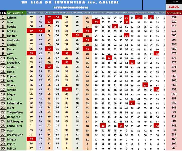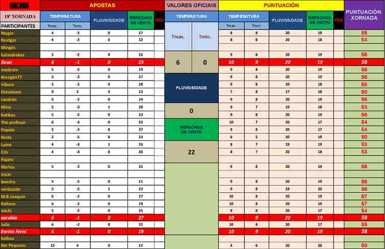 Resultados e clasificacións. Os datos da xornada están estructurados do mesmo xeito que na vella web. En apostas alóxase o horario de recepción de apostas e  a távoa da xornada coas apostas ben colocadas. Datos oficiais amosa os datos recollidos por Meteogalicia. As távoas conteñen os resultados da xornada e o seu impacto na clasificación xeral. Fai clic para agrandar as imaxes.
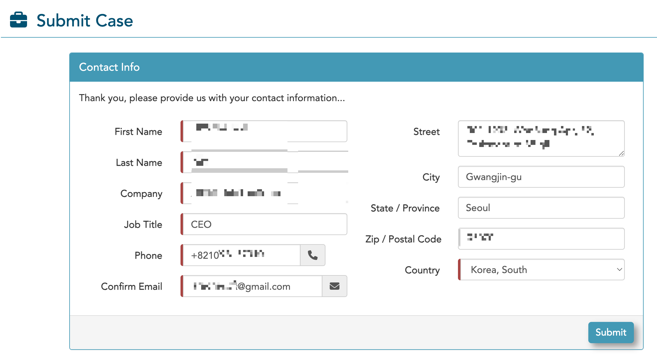 접수가 끝났다고 아래처럼 접수번호(Case)를 알려준다. 또 메일로도 온다.
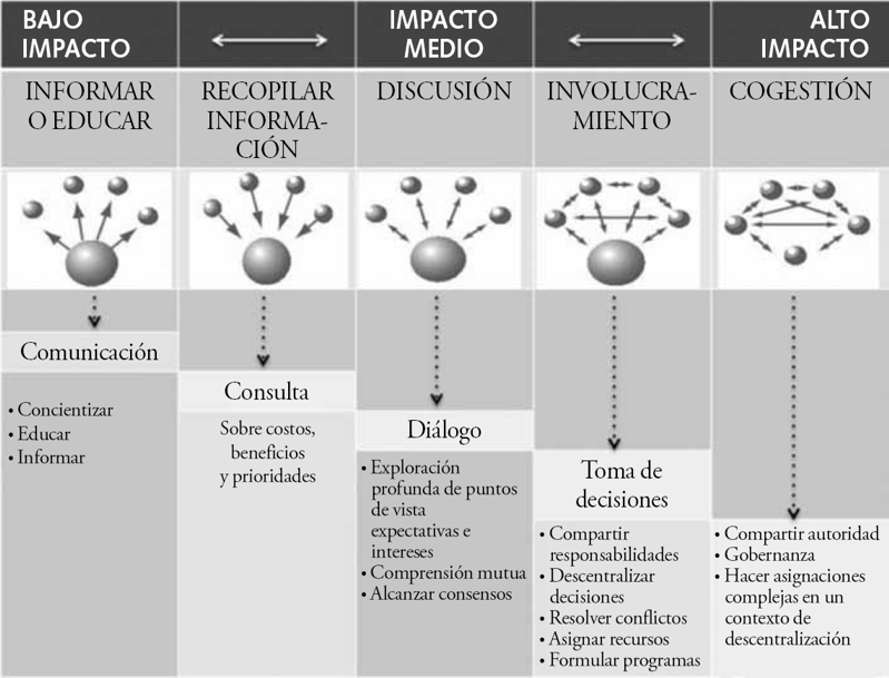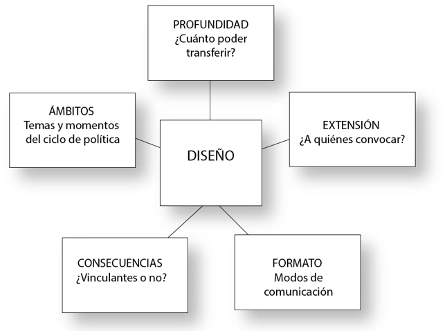 Como en todo fenómeno complejo, en la participación ciudadana se mezclan e implican diferentes dimensiones; la síntesis de dichas dimensiones representa, a su vez, el espacio disponible para el diseño de políticas y procesos participativos. Al distinguir las diversas dimensiones implicadas, se reconocen e identifican una variedad de niveles y decisiones que es preciso considerar al diseñar estrategias para involucrar a la ciudadanía en la toma de decisiones o en la implementación de las políticas públicas.
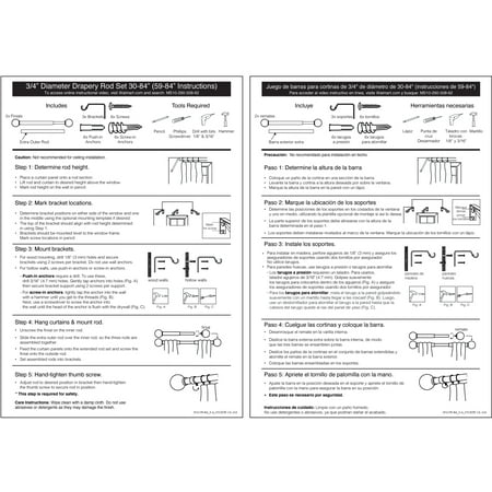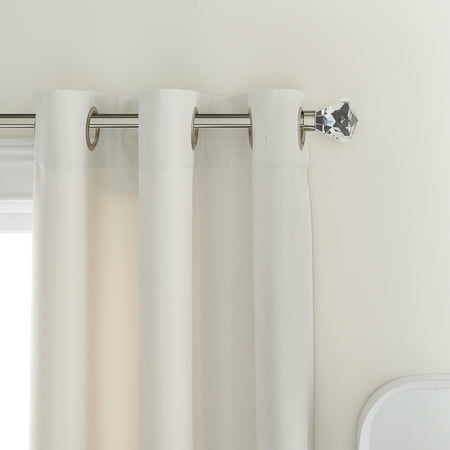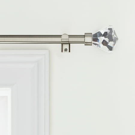 This beautiful Mainstays rod set, with its crystal-clear faceted finials, will will add a touch of sparkle to any room of the home. The sturdy steel rod and brackets will support curtains panels of various weights, from light-weight sheers to heavier weight blackout curtain panels. Rod telescopes for windows from 30 inches to 84 inches wide, for the perfect fit over your window. Brackets will project 3 inches from a wall. Instructions included for easy installation. For hollow drywall, our self-drilling anchors require no power drill to install. The lustrous nickel rod finish will complement color or style of window curtain.
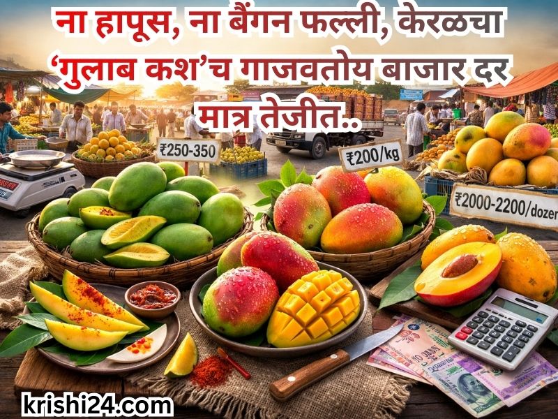 Mango Market : यंदाच्या आंबा बाजारात बदलत्या हवामानाचा स्पष्ट परिणाम दिसून येत असून, केरळमधील ‘गुलाब कश’ने ग्राहकांचे लक्ष वेधून घेतले आहे. अवकाळी पावसामुळे Gujarat मधील ‘केसर’ आंब्याचा पुरवठा उशिरा होण्याची शक्यता असल्याने बाजारातील समतोल बिघडला आहे. सध्या दररोज सुमारे २० पेट्या Jalgaon येथे दाखल होत असून, या आंब्याला २५० ते ३५० रुपयांदरम्यान दर मिळत आहे. ‘केसर’ तसेच Vijayawada येथील ‘बदाम’ आंबा बाजारात येईपर्यंत दर तेजीत राहण्याची शक्यता विक्रेत्यांनी व्यक्त केली आहे. बदलत्या पुरवठा-साखळी आणि हवामानाच्या पार्श्वभूमीवर बाजारातील ही घडामोड ग्राहक आणि व्यापाऱ्यांसाठी महत्त्वाची ठरत आहे.
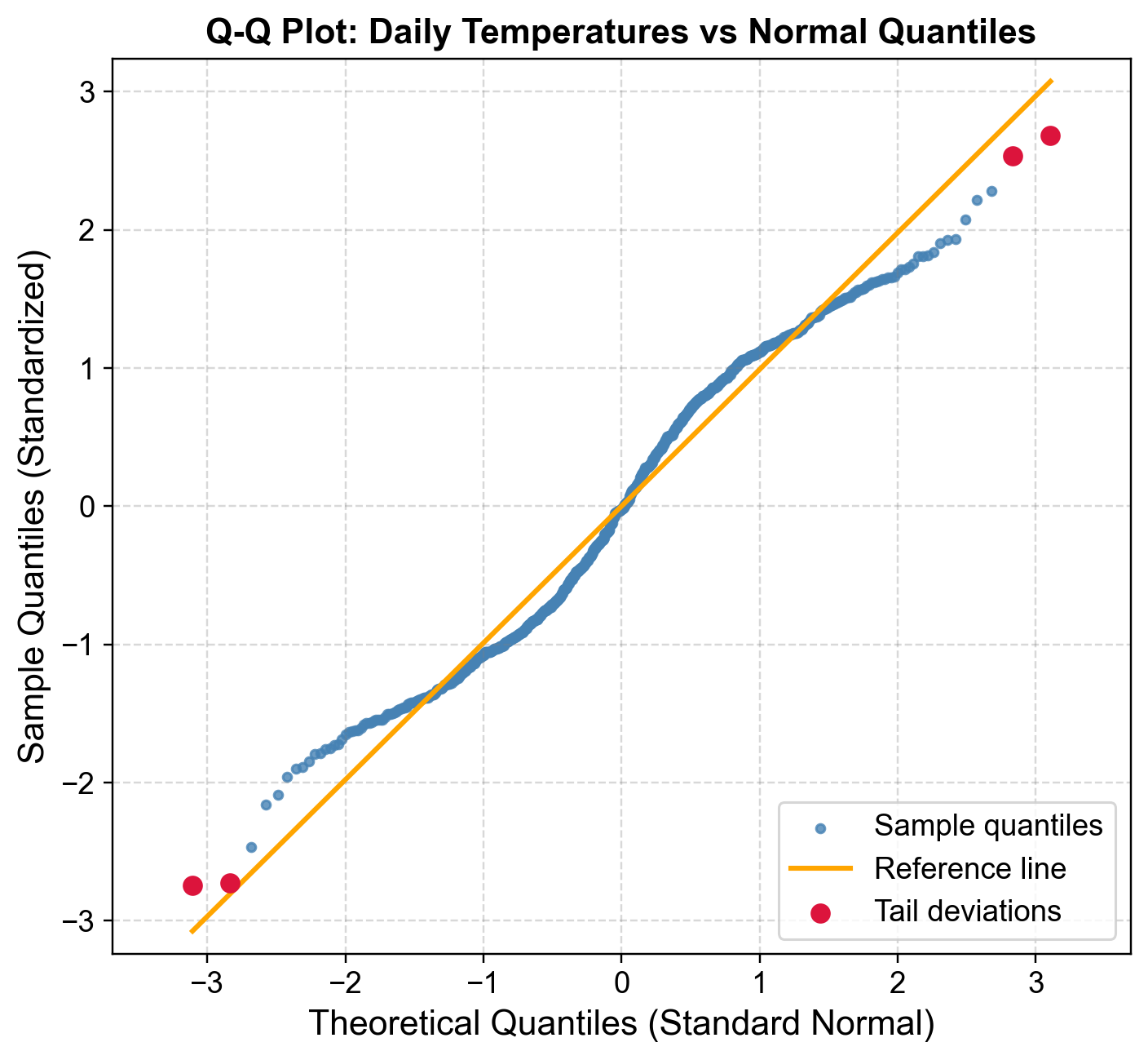 Upper Tail Deviations: Red points above the reference line (theoretical quantiles >+2) represent unusually hot days exceeding normal predictions, reflecting heat waves or climate variability. The symmetric tail deviations suggest leptokurtic (heavy-tailed) behavior with excess kurtosis rather than skewness [Chambers et al., 2018, Chandola et al., 2009].

......

▶ _REQUIRED WORK_
Please output exactly the lines of the data above, from its first line through the line with "Como en todo", and nothing else; drop the pictures.

▶ _REPLY_
 Resultados e clasificacións. Os datos da xornada están estructurados do mesmo xeito que na vella web. En apostas alóxase o horario de recepción de apostas e  a távoa da xornada coas apostas ben colocadas. Datos oficiais amosa os datos recollidos por Meteogalicia. As távoas conteñen os resultados da xornada e o seu impacto na clasificación xeral. Fai clic para agrandar as imaxes.
 접수가 끝났다고 아래처럼 접수번호(Case)를 알려준다. 또 메일로도 온다.
 Como en todo fenómeno complejo, en la participación ciudadana se mezclan e implican diferentes dimensiones; la síntesis de dichas dimensiones representa, a su vez, el espacio disponible para el diseño de políticas y procesos participativos. Al distinguir las diversas dimensiones implicadas, se reconocen e identifican una variedad de niveles y decisiones que es preciso considerar al diseñar estrategias para involucrar a la ciudadanía en la toma de decisiones o en la implementación de las políticas públicas.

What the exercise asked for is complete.